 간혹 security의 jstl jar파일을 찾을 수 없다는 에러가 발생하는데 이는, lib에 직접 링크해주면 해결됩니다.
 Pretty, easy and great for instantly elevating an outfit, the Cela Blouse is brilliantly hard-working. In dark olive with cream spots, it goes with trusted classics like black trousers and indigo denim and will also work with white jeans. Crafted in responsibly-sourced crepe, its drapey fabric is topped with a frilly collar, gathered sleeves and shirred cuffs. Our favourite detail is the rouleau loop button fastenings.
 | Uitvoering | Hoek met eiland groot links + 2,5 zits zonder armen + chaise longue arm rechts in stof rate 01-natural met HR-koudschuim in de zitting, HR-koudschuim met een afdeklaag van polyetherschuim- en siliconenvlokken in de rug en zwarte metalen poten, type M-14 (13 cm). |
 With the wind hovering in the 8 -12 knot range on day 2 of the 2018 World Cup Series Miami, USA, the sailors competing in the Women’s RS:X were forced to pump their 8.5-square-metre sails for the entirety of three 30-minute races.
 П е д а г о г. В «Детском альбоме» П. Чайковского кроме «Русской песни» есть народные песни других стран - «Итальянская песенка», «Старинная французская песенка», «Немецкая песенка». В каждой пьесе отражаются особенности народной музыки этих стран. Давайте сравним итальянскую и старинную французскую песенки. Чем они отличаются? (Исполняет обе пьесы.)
==*==
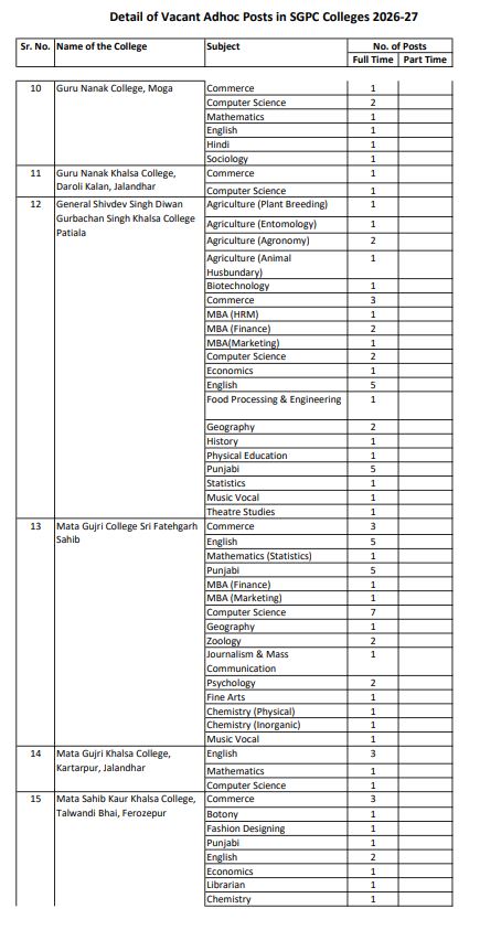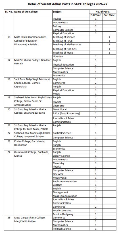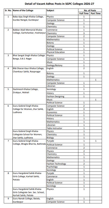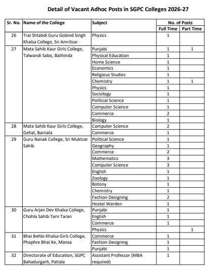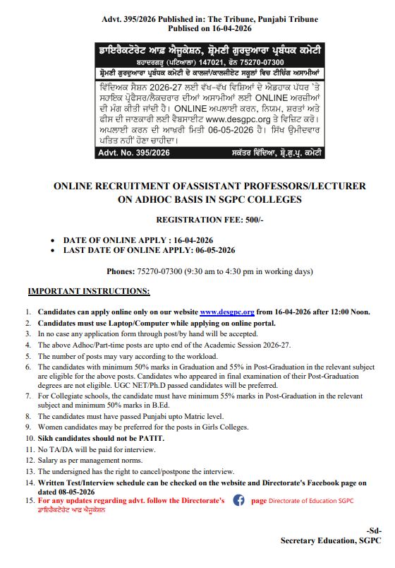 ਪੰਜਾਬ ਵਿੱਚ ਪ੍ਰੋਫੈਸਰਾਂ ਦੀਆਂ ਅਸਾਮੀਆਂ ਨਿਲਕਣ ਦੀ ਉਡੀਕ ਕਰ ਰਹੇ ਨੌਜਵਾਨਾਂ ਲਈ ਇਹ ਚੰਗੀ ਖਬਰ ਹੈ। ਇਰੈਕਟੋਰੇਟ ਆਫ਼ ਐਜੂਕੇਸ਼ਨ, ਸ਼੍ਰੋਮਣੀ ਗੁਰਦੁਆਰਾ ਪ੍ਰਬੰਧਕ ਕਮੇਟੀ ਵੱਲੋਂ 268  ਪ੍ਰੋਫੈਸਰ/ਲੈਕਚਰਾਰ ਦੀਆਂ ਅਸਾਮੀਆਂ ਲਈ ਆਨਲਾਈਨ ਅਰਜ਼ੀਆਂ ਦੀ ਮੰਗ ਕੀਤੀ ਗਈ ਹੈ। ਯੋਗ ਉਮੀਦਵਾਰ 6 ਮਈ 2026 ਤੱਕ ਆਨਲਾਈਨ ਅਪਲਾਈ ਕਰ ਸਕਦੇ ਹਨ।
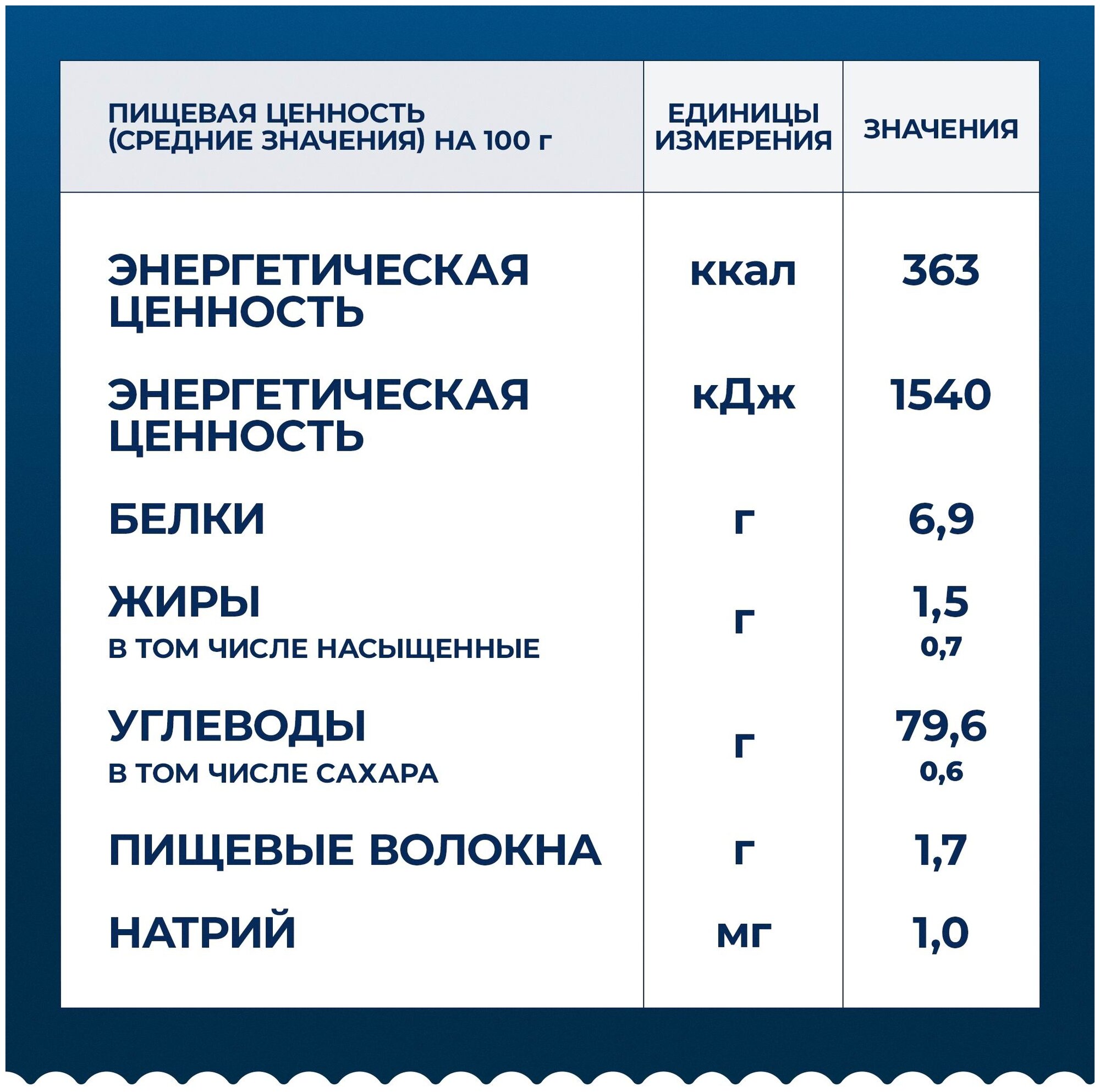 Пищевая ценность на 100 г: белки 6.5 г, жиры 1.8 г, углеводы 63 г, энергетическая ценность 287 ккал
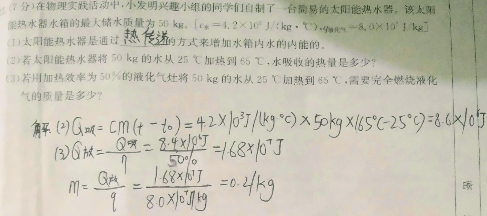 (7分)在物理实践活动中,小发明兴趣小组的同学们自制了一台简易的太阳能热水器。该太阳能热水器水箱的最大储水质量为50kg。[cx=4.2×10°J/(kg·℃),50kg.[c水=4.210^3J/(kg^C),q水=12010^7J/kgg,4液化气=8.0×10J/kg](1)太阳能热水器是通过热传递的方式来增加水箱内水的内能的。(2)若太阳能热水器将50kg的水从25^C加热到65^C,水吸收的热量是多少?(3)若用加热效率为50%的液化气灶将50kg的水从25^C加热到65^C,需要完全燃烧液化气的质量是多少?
==*==
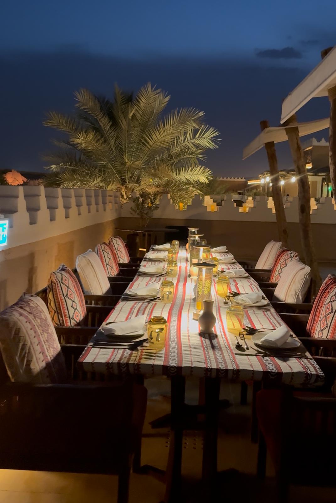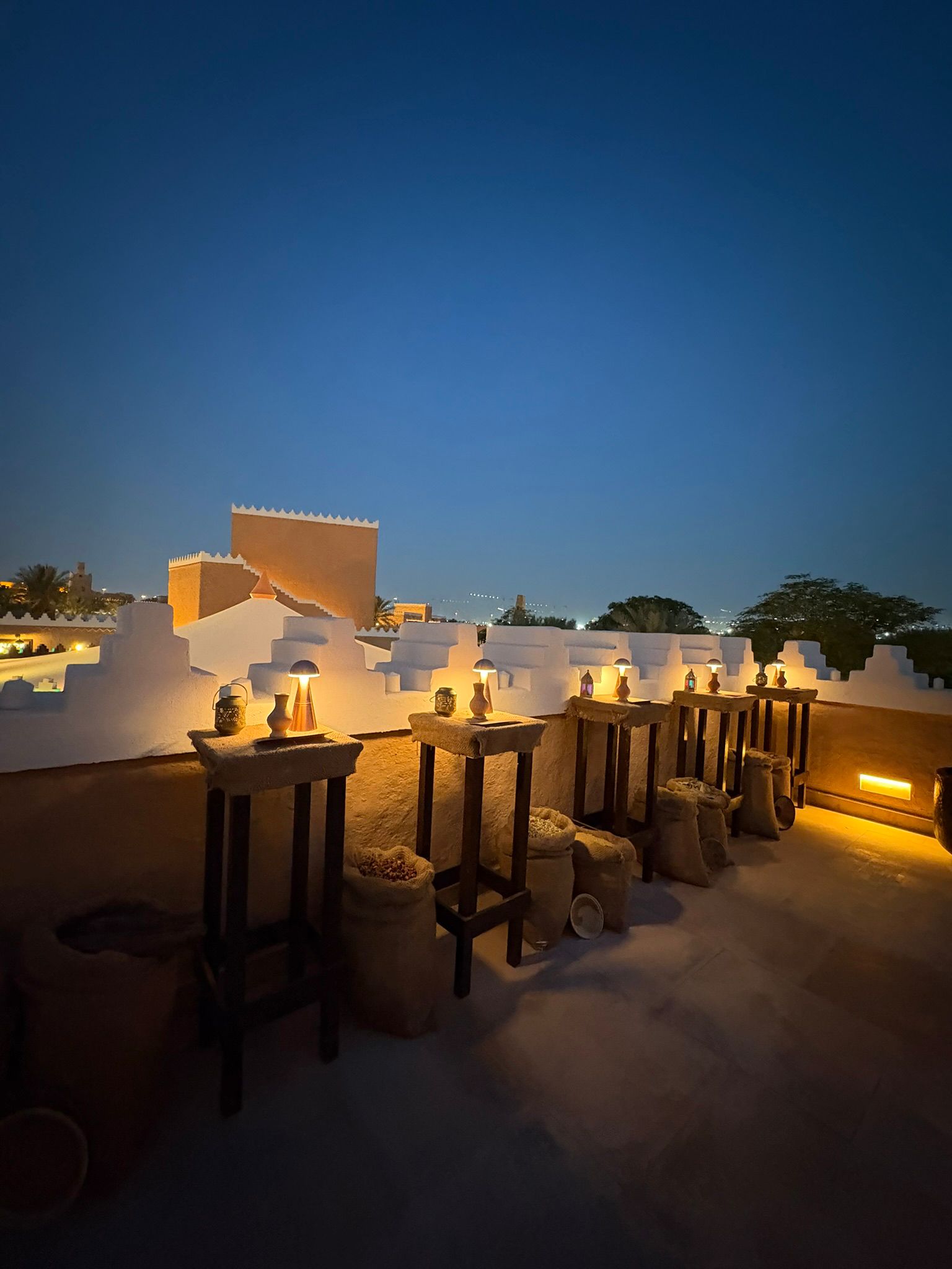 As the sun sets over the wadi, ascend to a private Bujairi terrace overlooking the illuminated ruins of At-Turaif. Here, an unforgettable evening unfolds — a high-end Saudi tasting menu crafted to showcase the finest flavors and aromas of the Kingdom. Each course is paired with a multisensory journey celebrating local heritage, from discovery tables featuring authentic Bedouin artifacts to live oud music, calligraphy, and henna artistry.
==*==
Task brief: All that should be written out is the stretch of lines above between the one holding "간혹 security의 jstl" and the one holding "Pretty, easy and", inclusive, exactly as given.

Completed exercise:
 간혹 security의 jstl jar파일을 찾을 수 없다는 에러가 발생하는데 이는, lib에 직접 링크해주면 해결됩니다.
 Pretty, easy and great for instantly elevating an outfit, the Cela Blouse is brilliantly hard-working. In dark olive with cream spots, it goes with trusted classics like black trousers and indigo denim and will also work with white jeans. Crafted in responsibly-sourced crepe, its drapey fabric is topped with a frilly collar, gathered sleeves and shirred cuffs. Our favourite detail is the rouleau loop button fastenings.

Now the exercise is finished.